Do not dismiss non-Muslims as kafirs and think that they worthless. They too were created by the one Creator who sustains them and to whom they will also return. When you treat non-Muslims with disrespect or condemn them to hell, you close the door of Islam in their faces. They will never listen to a word of Islam, from you or anyone else, without remembering your contempt for them. Regardless of what kind of life one is leading now, one may be blessed with faith and guidance by Allah and have one’s life transformed.
Know your audience.
Understand who you are speaking to and what he or she cares about. For example, when speaking to marine biologists, share with them the verses in the Quran about water. When speaking to artists, tell them about the tradition of Islamic art and architecture and what it has meant to the ummah. Relate to people in ways that they can understand and are comfortable with.

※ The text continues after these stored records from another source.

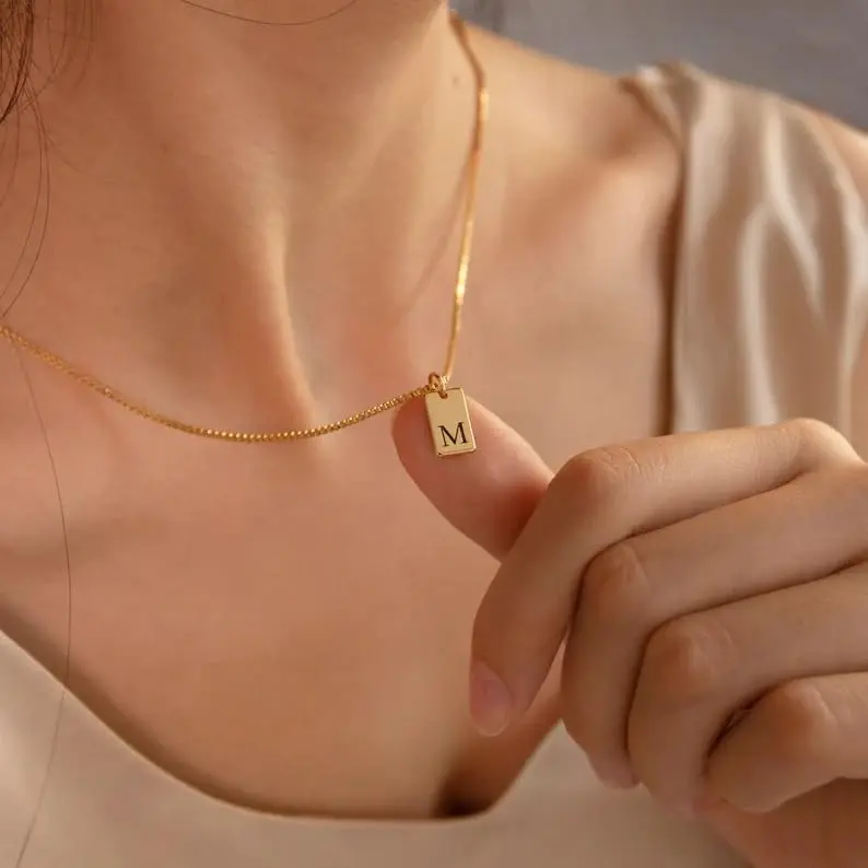 MATERIA: Our gold initial necklaces are made of 14K real gold plated brass. Gold box chain won't hurt your skin while remaining strong.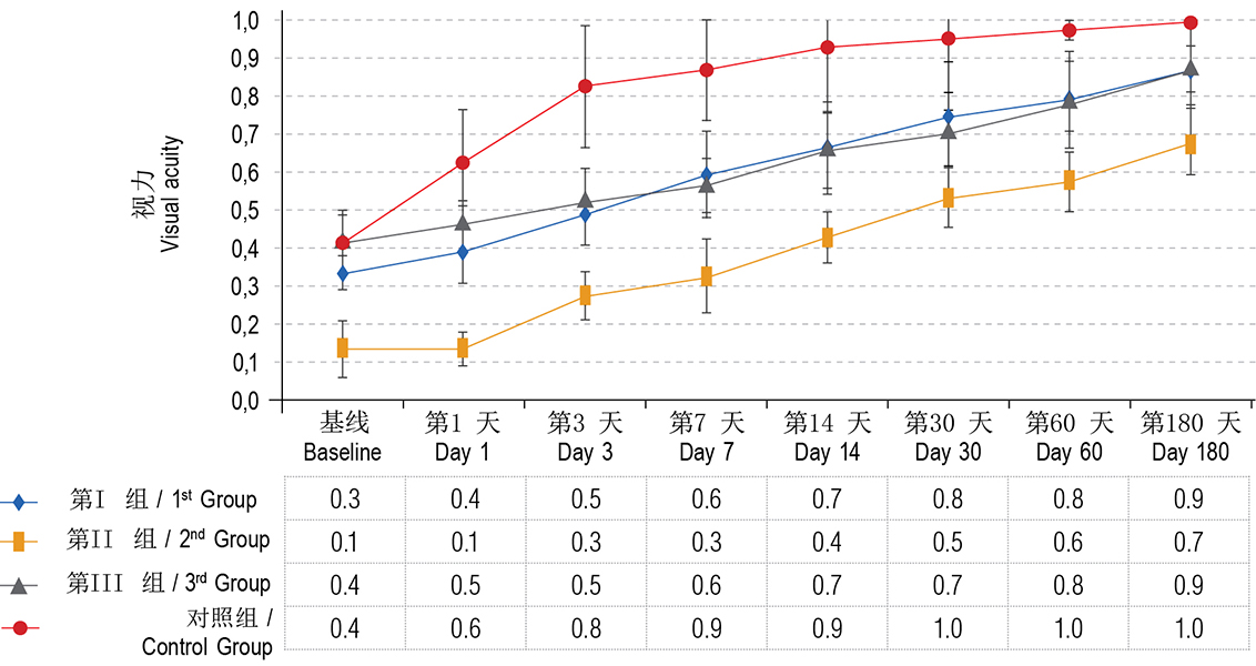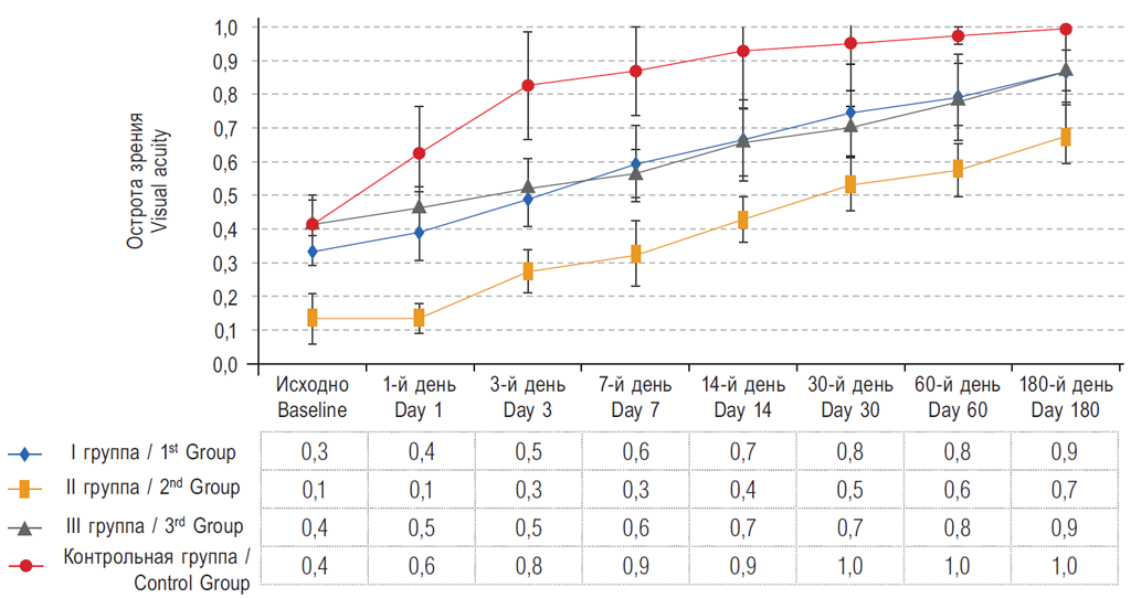Исследование остроты зрения и электрофизиологическое обследование проводили перед ВЭ и на 1, 3, 7, 14, 30, 60, 180-е сутки после хирургического вмешательства.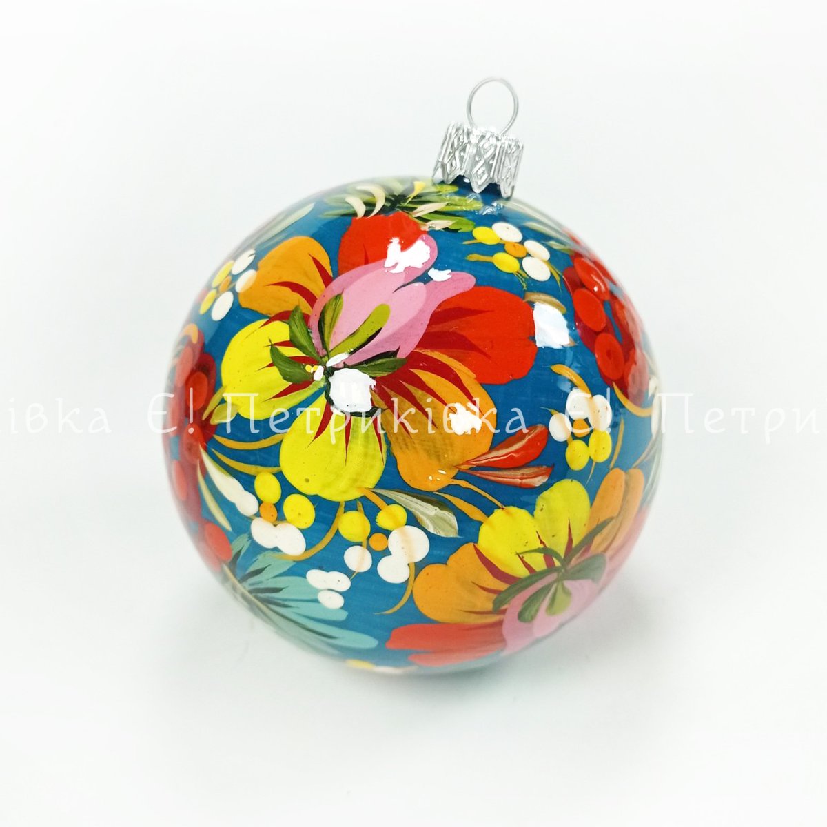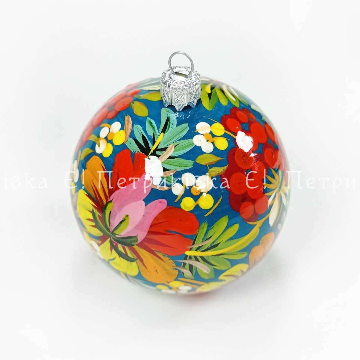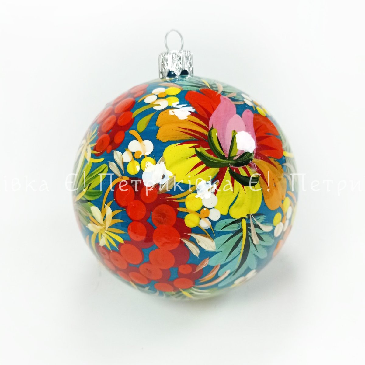 Шар ёлочный с Петриковской росписью "Цибульки с калиной" бирюза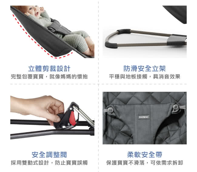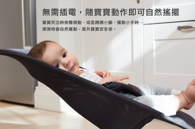 BABYBJORN Bliss 嬰兒搖椅 Air Mesh 為寶寶提供舒適的玩耍與休息空間。當寶寶踢腿或揮動手臂時,搖椅會輕柔搖晃,幫助寶寶發展運動技能與平衡感。適合新生兒至2歲使用,採用人體工學設計,為寶寶的背部、頸部和頭部提供良好支撐。透氣的 Air Mesh 材質確保舒適並均勻分散體重,對新生兒尤為重要。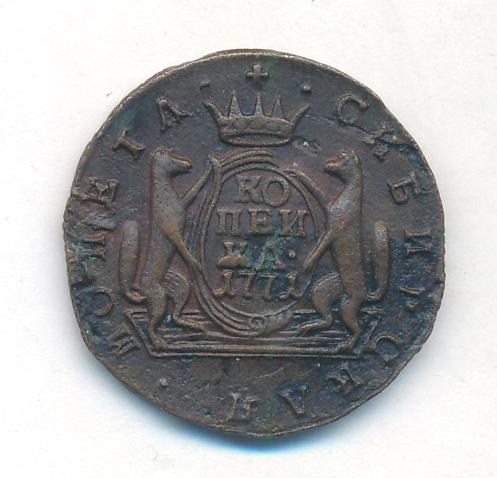 Лицевая сторона - два соболя поддерживают щит с обозначением номинала (копейка) под короной, надпись «СИБИРСКАЯ МОНЕТА». Оборотная — вензель Екатерины II в венке из пальмовой и лавровой ветвей. Гурт — шнур, вес — 6,55 грамма.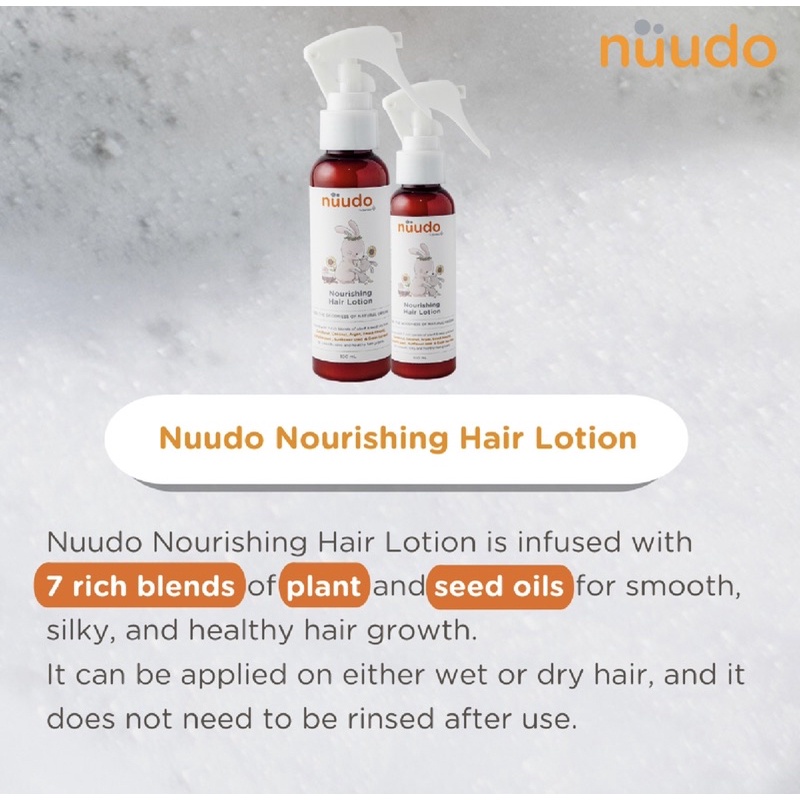 Ibu & Bayi > Kesehatan & Perawatan Bayi > Perawatan Rambut & Sabun Mandi > Nuudo Nourishing Hair Lotion Spray 100ml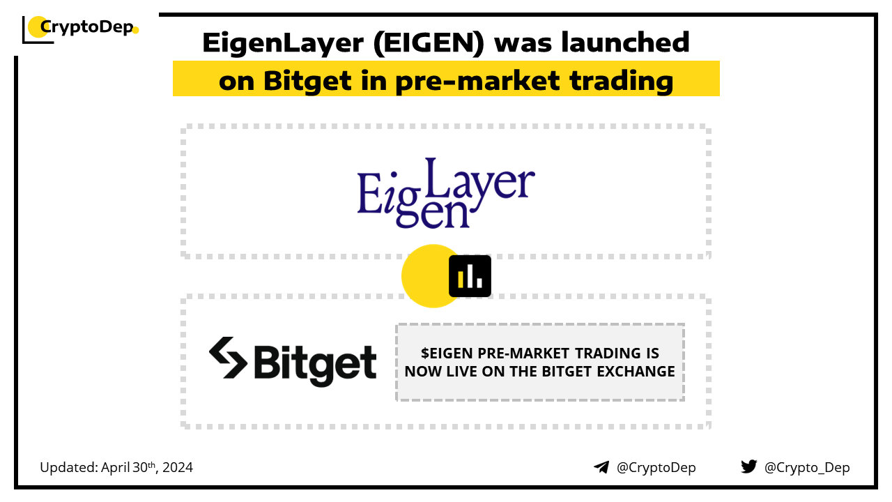 Pre-market trading for $EIGEN is now live on the Bitget exchange! Users can now trade $EIGEN in advance, before it becomes available for spot trading. EigenLayer is a protocol built on Ethereum that introduces re-staking.
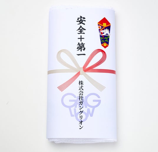 株式会社ガングリオンの会社挨拶用の「安全第一」タオルです。社名入りで、日常使いはもちろん、友人や同僚、上司へのプレゼントにもおすすめです。

Not every non-Muslim is a Christian.
Getting into detailed debates of Christianity and Islam is unnecessary. chances are, you are speaking to someone who knows about as much of Christianity as she or he does of Islam. And most of that is probably from Charlton Heston’s movies.
Do not be defensive.
Refuse to speak about Islam from a position of defence or weakness. You do not have to justify or explain the actions of every (or any) Muslim group or individual in the ummah. While we are often asked to respond to media contortions of Islam, we should not do so through shame or contrition. Remember that your job is to call people to Islam, not to a particular group of Muslims.
Do not argue with people.
The truth of Islam is clear, if people chose to not understand or to not believe, then that is their choice. Do not enter into petty, mindnumbing arguments with people who are not sincerely interested in seeking the Truth. Your job is to be knowledgeable enough to explain our beliefs with wisdom and reason. The rest is between them and Allah; and it is none of your business.
Interact with people, do not give lectures.
Do not constantly preach at people. Just be normal and live your life without concealing Islam. You will find unlimited opportunities to speak of Islam and the myriad ways that your life is uplifted by your faith and practice.
Be well groomed, presentable and articulate. Dress Islamically, while still looking like you belong in this decade.
Picture this. A group of non-Muslims have a dispute. A muslim walks into the room. The non-Muslims turn to the Muslim for arbitration knowing that they will receive a just, honest and wise solution. Because that is what Muslims can be relied upon for.
Alhamdulillah, our task would be complete.
"There is no compulsion in religion. The right direction is henceforth distinct from error. And he who rejecteth false deities and believeth in Allah hath grasped a firm handhold which will never break. Allah is hearer, Knower." Quran 2:256
The Prophet Muhammad, Peace be upon him, said, "The dearest of you to me and the closest of you to me on the Day of Judgement will be those who are best behaved.
And the most offensive to me and the farthest from me on the Day of Judgement will be the most boring and the most rhetorical."